TF is a 30-kDa integral membrane glycoprotein that serves as a cofactor and is required for the activation of factor VII. TF is primarily present in the cellular membranes, and when tissue is damaged, its concentrations are increased. Thus at the site of thrombogenesis, the concentration of this mediator of thrombogenesis may be increased. More recently, a specific inhibitor of TF, namely tissue factor pathway inhibitor (TFPI), has been found to play a key role in the control of TF-mediated activation of the clotting process (17). This Kunitz type of inhibitor is capable of inhibiting serine proteases, which are similar to trypsin and possess an active serine site. TFPI is released during heparin therapy and has a key role in the control of thrombogenesis during acute coronary syndromes. Because of the pathophysiologic activation processes in cardiovascular disorders, TFPI is likely to provide important diagnostic information in both thrombotic and cardiovascular disorders (18). TFPI is a useful indicator of endothelial function as well as of the efficacy of heparin and other glycosaminoglycan therapies. Impaired release of this agent during heparinization may be related to heparin resistance in patients. Only limited information is available concerning the physiologic role of TF, and it is proposed that this factor may be involved in various other processes. [F.sub.1.2] is found during the activation of the coagulation process in which factor Xa converts prothrombin into thrombin (19). This analyte is, therefore, a reliable indicator of thrombin generation.
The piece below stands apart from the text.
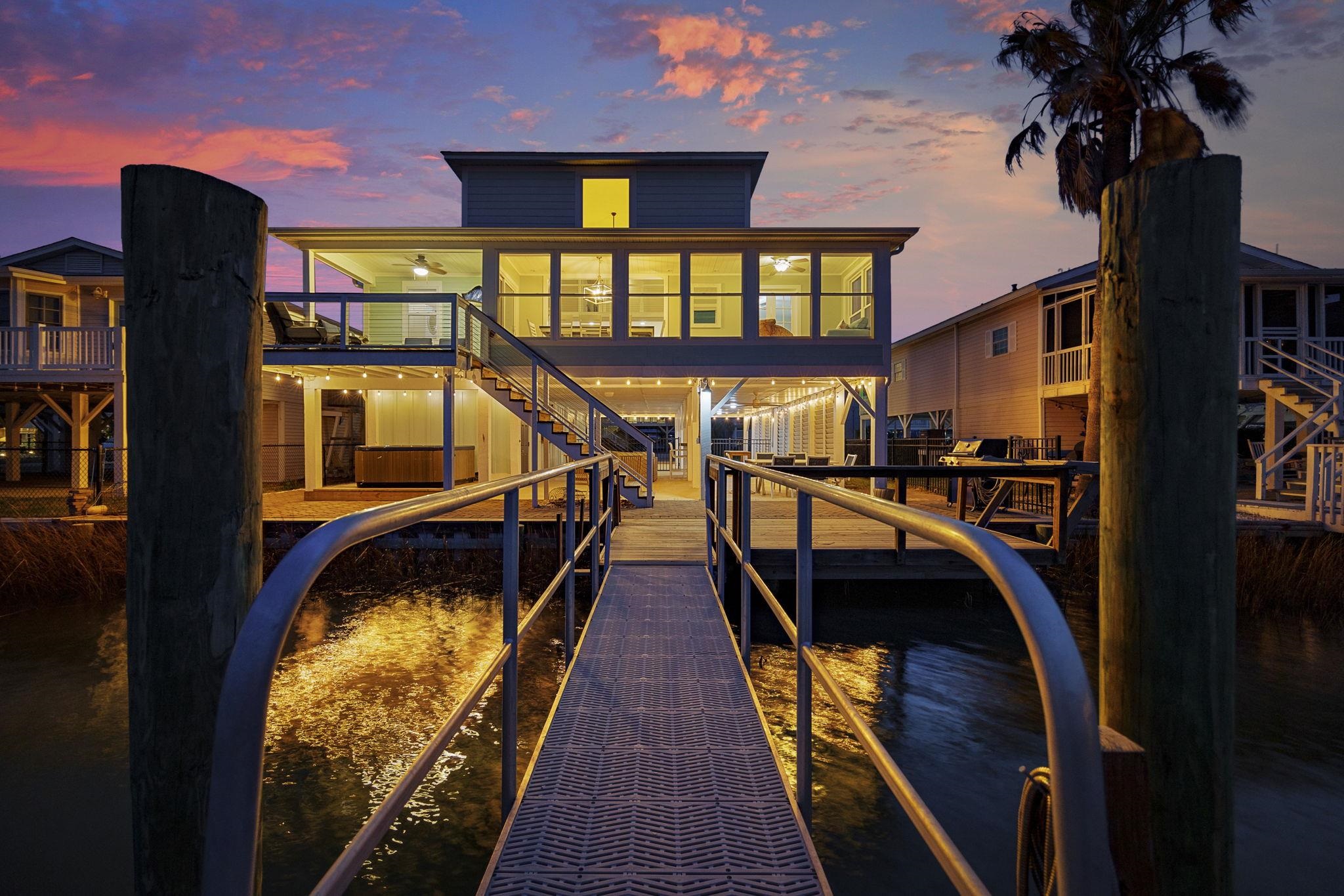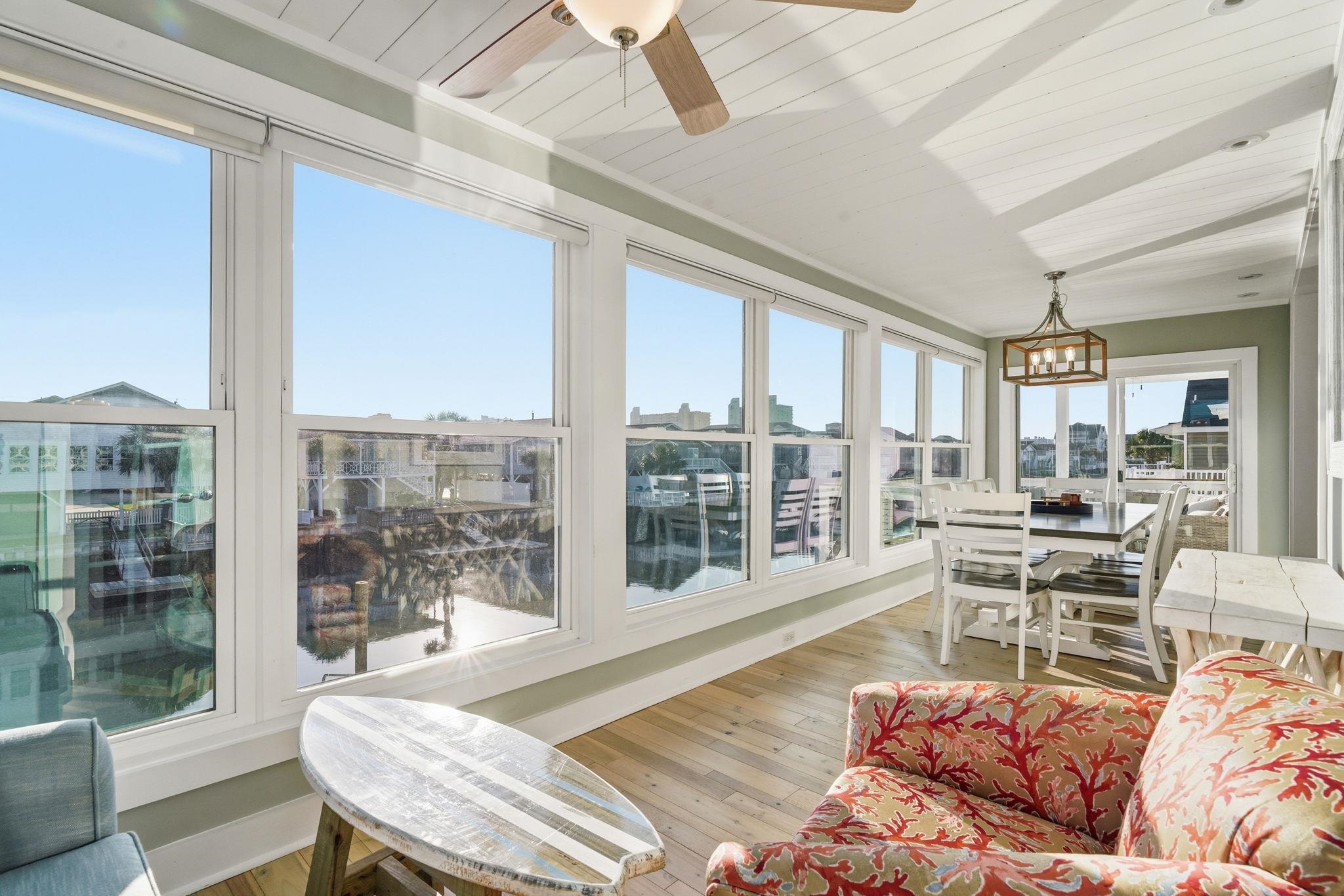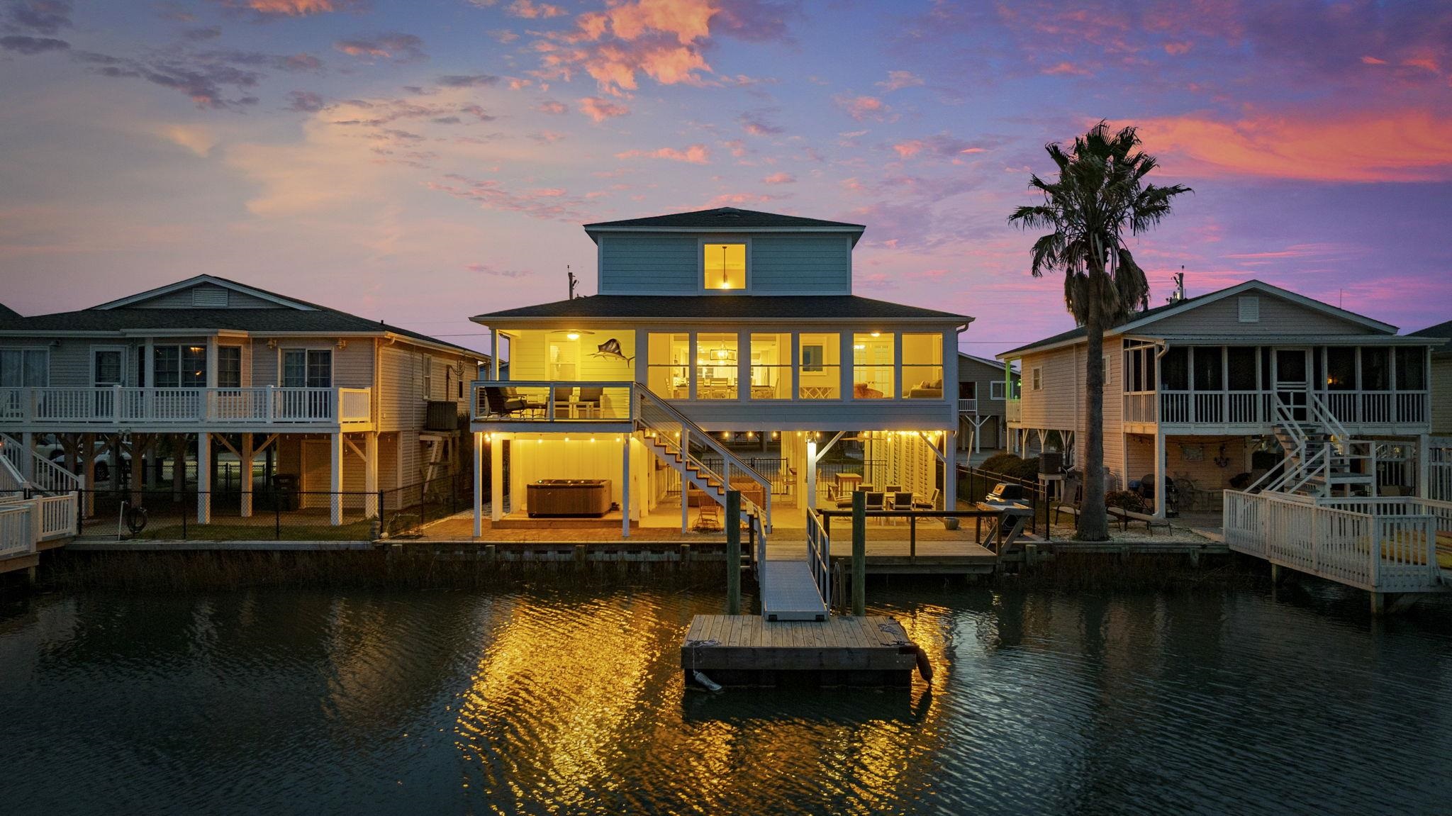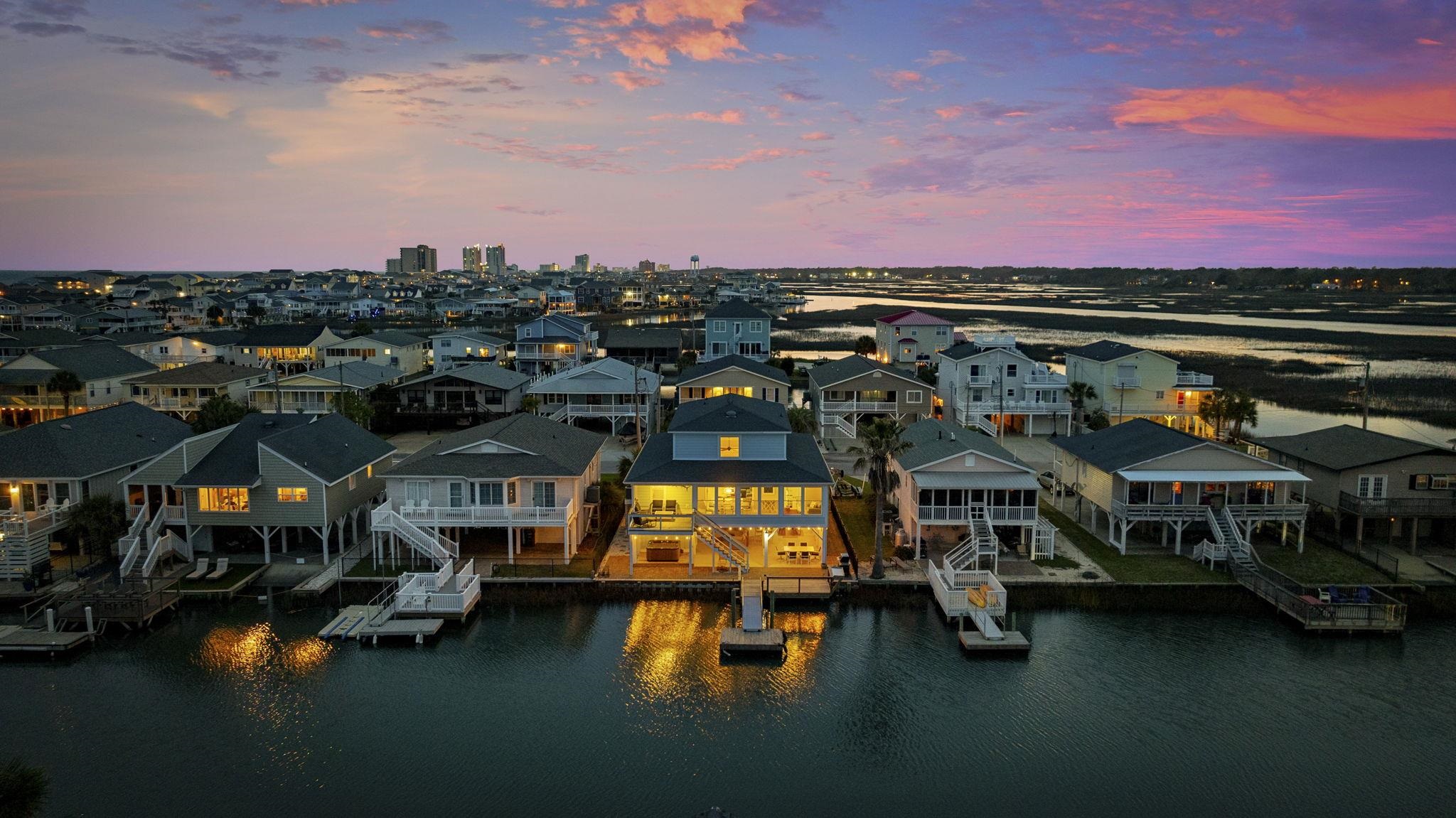 Experience the pinnacle of coastal living in this impeccably renovated 4-bedroom, 3.5-bath channel home in the heart of Cherry Grove. Reimagined from the studs up between late 2018 and 2019, this residence offers the rare peace of mind that comes with having all heated living space situated safely above the flood zone. Inside you'll find authentic hardwood floors, tongue-and-groove ceilings, and a modern aesthetic defined by contemporary cable railings and designer lighting. The chef’s kitchen is a focal point of the main level, featuring granite countertops, a classic subway tile backsplash, and custom cabinetry. Three of the four spacious bedrooms boast walk-in closets, while the bathrooms offer fully tiled showers and updated plumbing fixtures throughout. The renovation included a new seawall and a large oversized paver patio which you don't see often in Cherry Grove. The exterior features a new fence installed in 2023, a custom outdoor shower with composite decking, and professional stone landscaping. For those who need extra utility, the ground level provides a massive two-section workshop with built-in shelving and an additional finished storage room equipped with quartz countertops, sink, and a refrigerator. The perfect property for a Primary Residence, Home at the Beach, or a high-income producing Rental property, it is truly a gem in Cherry Grove with nothing quite like it!

Thus, patients with persistent thrombotic events may exhibit high concentrations of this analyte. Furthermore, during antithrombotic therapy, this analyte is decreased, suggesting that the anticoagulant drugs are capable of suppressing its formation. Once thrombin is formed, it circulates bound to endogenous serine protease inhibitors such as antithrombin III. The TAT complex readily formed during the thrombotic process circulates in the blood of patients who suffer from thrombotic disorders.
On the other hand, FPA is formed by the action of thrombin on fibrinogen. Thus, this analyte is specific for thrombin activity and the formation of fibrin. FPA is increased in patients having a hypercoagulable state. The therapeutic effectiveness of antithrombotic drugs can be assessed by a decrease in FPA (16).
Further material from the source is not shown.